DATA —
────────────────────────────────────────
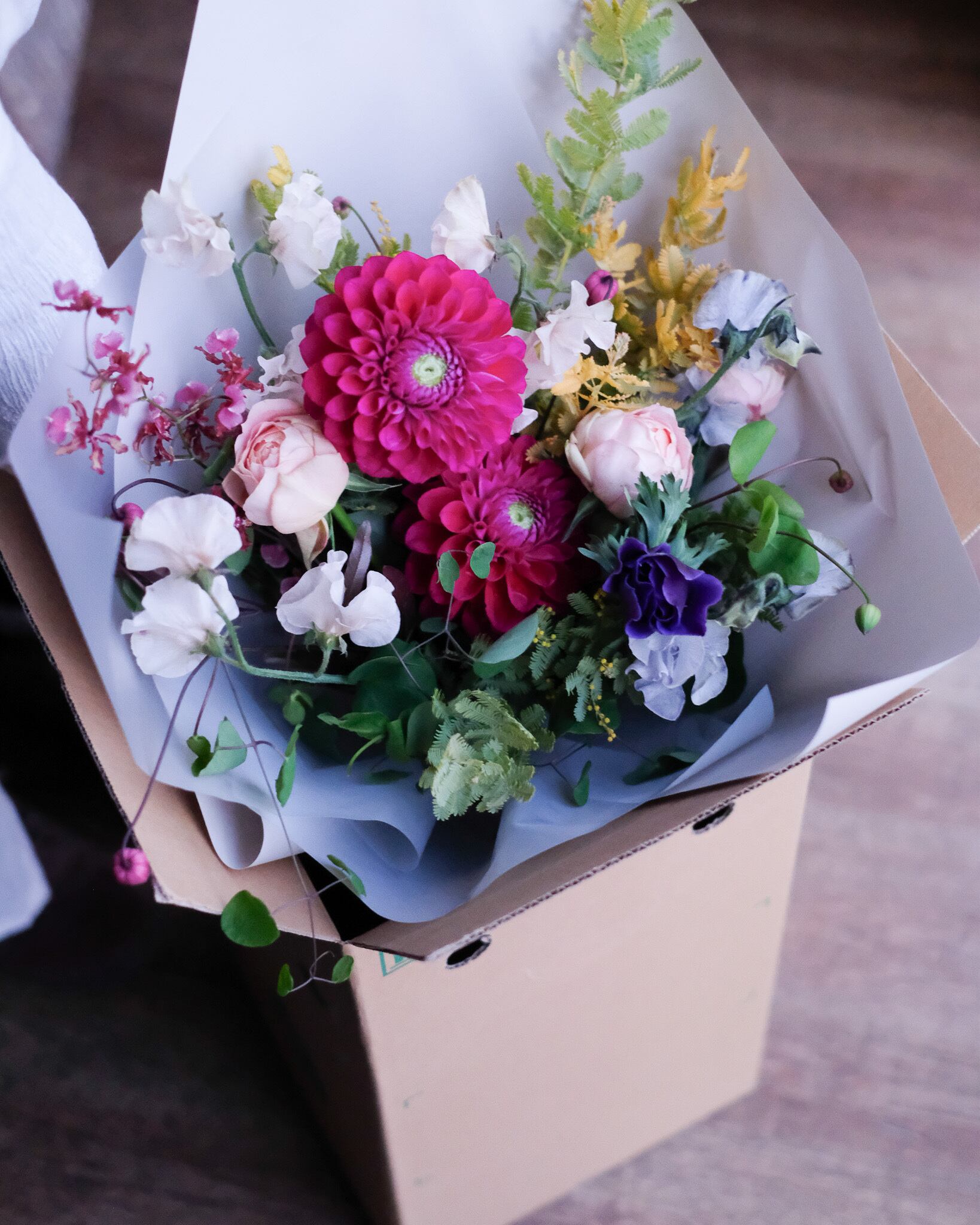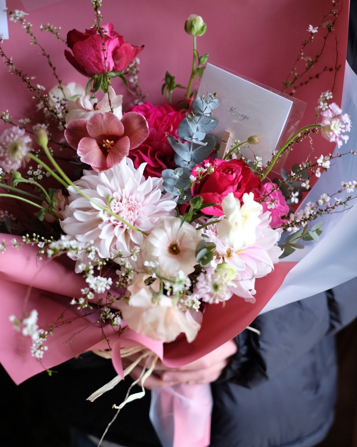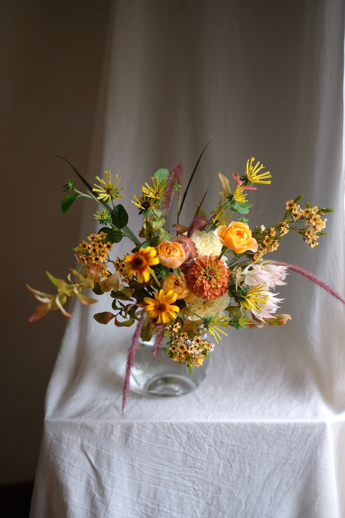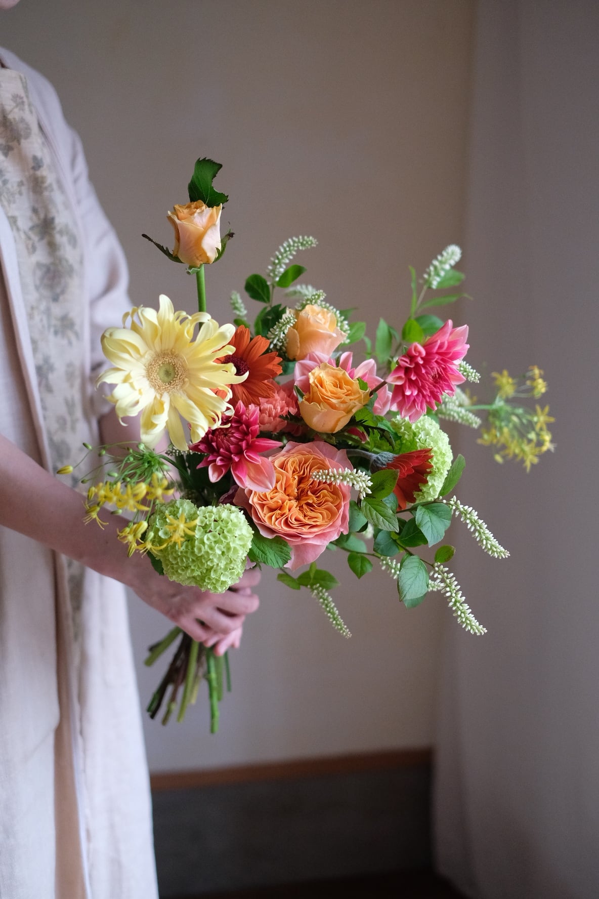 その時々に出会う、旬のお花たちを束ねたブーケです。
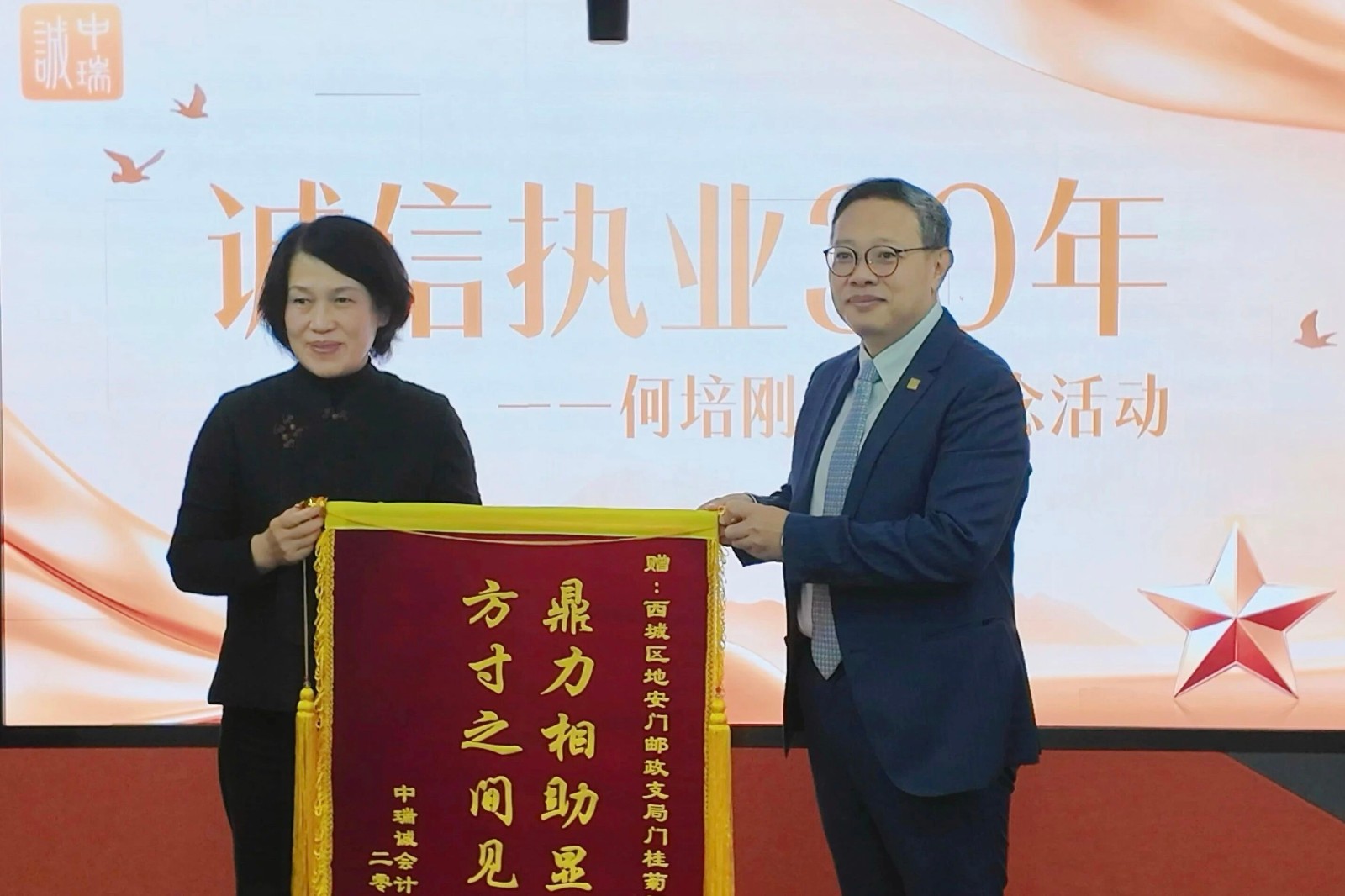 值此何培刚先生逝世一周年之际,为深切缅怀这位奠基者、传承其执业精神,中瑞诚在北京举办“诚信执业30年”何培刚先生纪念活动。活动特邀北京“两师”行业党委常务副书记、北京注协评协秘书长刘军,大信会计师事务所执行总裁孟晓萌,北京市政协委员、北京注册会计师协会副会长、北京匡正会计师事务所主任会计师陈力翃,全国五一劳动奖章获得者、全国劳动模范、北京市人大代表、西城区政协委员,北京市西城区地安门邮政支局局长门桂菊等出席,中瑞国际集团各板块领导、同仁及何老先生生前友好共50余人参加活动。活动由中瑞诚党支部书记余莉主持。
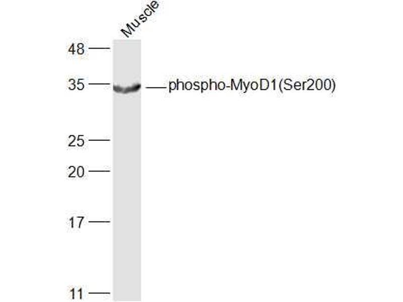 Synonyms: MYOD1phospho S200,Myogenic dferentiation 1, AI503393, bHLHc1, MD1, MGC156574, MYF3, MYOD, MYOD1, PUM, MYOD1_HUMAN.
────────────────────────────────────────
TASK DETAILS — Could you output the entire listing verbatim while omitting its pictures?

ANSWER —
 その時々に出会う、旬のお花たちを束ねたブーケです。
 值此何培刚先生逝世一周年之际,为深切缅怀这位奠基者、传承其执业精神,中瑞诚在北京举办“诚信执业30年”何培刚先生纪念活动。活动特邀北京“两师”行业党委常务副书记、北京注协评协秘书长刘军,大信会计师事务所执行总裁孟晓萌,北京市政协委员、北京注册会计师协会副会长、北京匡正会计师事务所主任会计师陈力翃,全国五一劳动奖章获得者、全国劳动模范、北京市人大代表、西城区政协委员,北京市西城区地安门邮政支局局长门桂菊等出席,中瑞国际集团各板块领导、同仁及何老先生生前友好共50余人参加活动。活动由中瑞诚党支部书记余莉主持。
 Synonyms: MYOD1phospho S200,Myogenic dferentiation 1, AI503393, bHLHc1, MD1, MGC156574, MYF3, MYOD, MYOD1, PUM, MYOD1_HUMAN.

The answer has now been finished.